▶ What to work on:
Using the listing below, set down exactly the lines from the one that contains "Тарелка с гравировкой" through the one that contains "Содержание питательных веществ", with no pictures.

▶ Dataset excerpts:
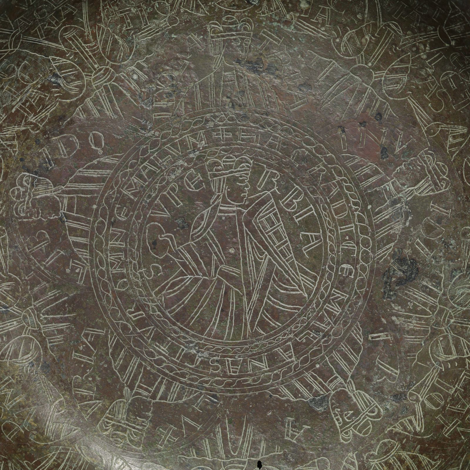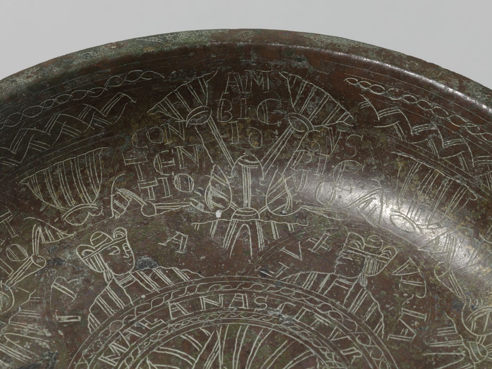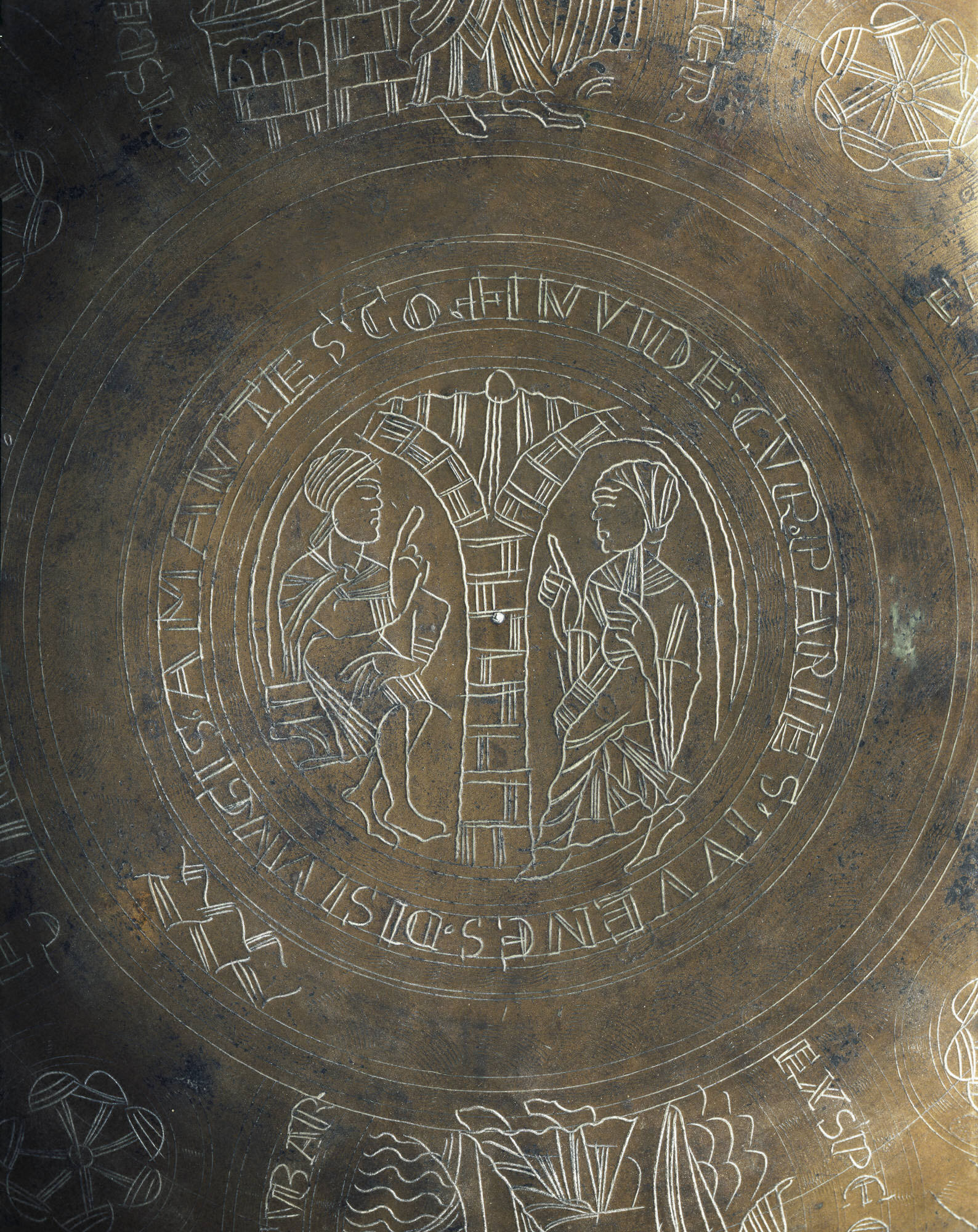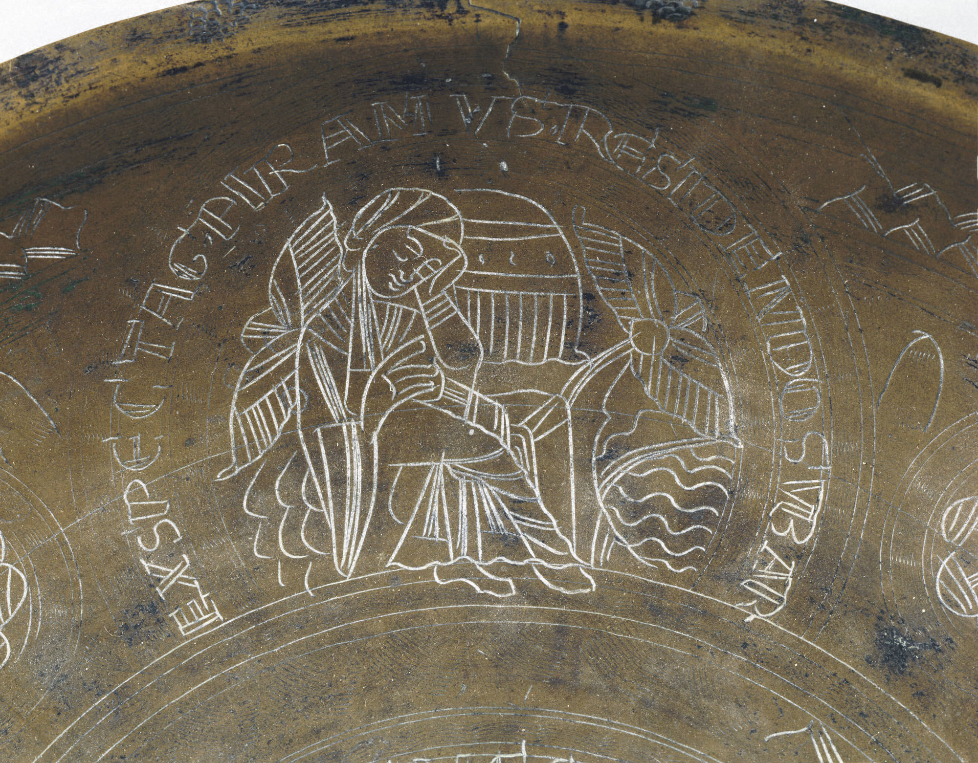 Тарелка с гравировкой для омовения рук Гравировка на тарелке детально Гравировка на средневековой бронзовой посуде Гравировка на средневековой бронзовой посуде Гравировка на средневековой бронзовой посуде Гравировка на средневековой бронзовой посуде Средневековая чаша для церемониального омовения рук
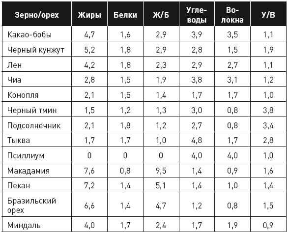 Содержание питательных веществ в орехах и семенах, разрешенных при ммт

--

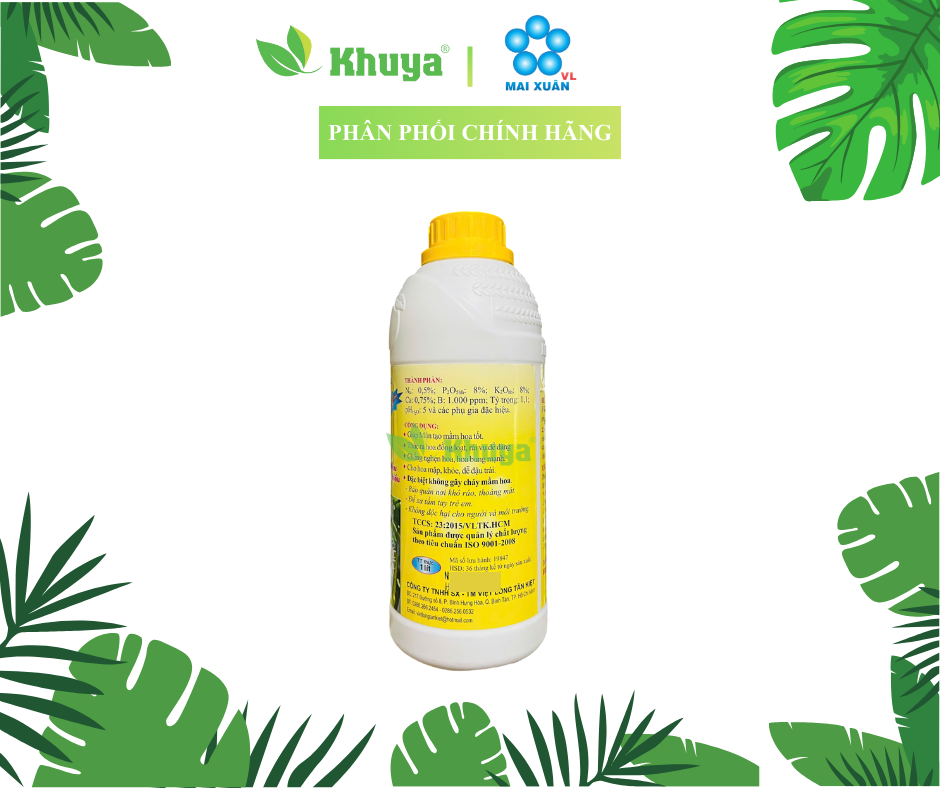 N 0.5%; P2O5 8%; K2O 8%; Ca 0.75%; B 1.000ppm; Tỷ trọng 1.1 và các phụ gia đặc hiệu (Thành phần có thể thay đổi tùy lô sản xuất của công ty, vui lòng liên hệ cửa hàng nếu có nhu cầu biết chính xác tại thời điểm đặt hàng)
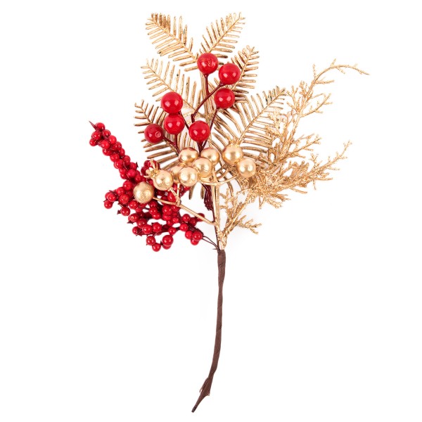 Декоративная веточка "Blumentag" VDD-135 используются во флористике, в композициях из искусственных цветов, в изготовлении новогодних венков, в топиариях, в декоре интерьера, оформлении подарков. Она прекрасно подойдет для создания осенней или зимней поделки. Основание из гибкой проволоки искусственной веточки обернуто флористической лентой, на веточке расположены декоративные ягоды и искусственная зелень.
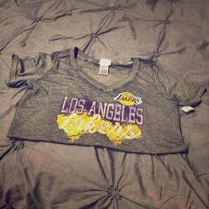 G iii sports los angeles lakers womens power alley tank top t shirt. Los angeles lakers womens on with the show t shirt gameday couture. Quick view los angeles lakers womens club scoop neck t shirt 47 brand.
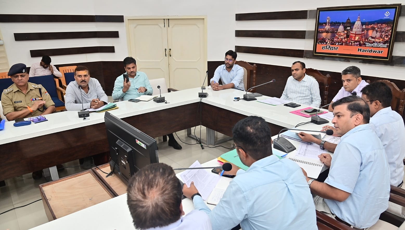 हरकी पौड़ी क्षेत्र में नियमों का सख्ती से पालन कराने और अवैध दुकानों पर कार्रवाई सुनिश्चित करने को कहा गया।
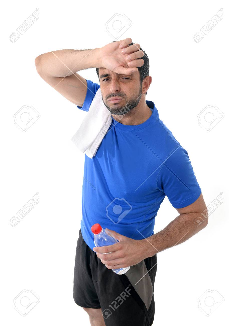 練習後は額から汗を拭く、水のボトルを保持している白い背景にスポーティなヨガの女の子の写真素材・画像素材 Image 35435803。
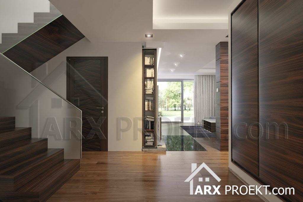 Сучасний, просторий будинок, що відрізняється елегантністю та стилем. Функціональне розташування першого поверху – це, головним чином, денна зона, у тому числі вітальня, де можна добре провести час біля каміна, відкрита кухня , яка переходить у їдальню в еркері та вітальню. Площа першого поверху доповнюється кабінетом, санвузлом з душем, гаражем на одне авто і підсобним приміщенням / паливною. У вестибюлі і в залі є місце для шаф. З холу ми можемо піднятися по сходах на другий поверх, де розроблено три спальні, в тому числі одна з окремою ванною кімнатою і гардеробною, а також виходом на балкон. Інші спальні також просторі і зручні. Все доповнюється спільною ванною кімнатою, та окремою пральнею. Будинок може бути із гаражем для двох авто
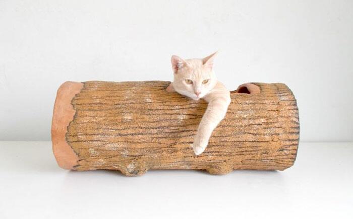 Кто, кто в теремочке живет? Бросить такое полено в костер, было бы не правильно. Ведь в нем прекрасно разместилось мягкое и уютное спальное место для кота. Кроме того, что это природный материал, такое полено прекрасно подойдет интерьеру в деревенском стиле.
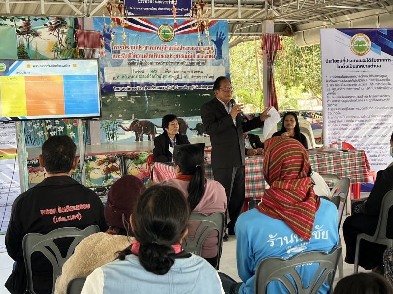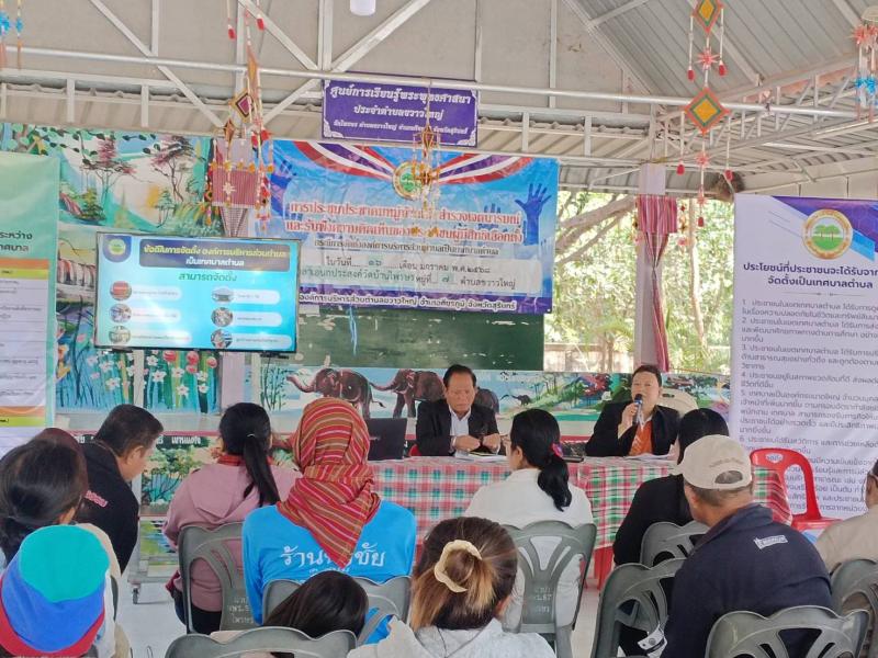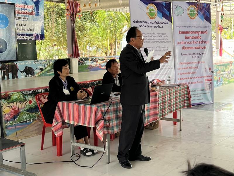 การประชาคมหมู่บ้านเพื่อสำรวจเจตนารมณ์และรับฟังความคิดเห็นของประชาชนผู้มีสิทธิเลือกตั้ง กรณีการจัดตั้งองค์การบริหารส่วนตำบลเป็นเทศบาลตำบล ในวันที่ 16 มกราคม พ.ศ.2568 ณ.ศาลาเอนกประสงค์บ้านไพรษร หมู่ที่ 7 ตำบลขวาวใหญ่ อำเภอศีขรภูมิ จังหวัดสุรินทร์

▶ Answer space:
 Тарелка с гравировкой для омовения рук Гравировка на тарелке детально Гравировка на средневековой бронзовой посуде Гравировка на средневековой бронзовой посуде Гравировка на средневековой бронзовой посуде Гравировка на средневековой бронзовой посуде Средневековая чаша для церемониального омовения рук
 Содержание питательных веществ в орехах и семенах, разрешенных при ммт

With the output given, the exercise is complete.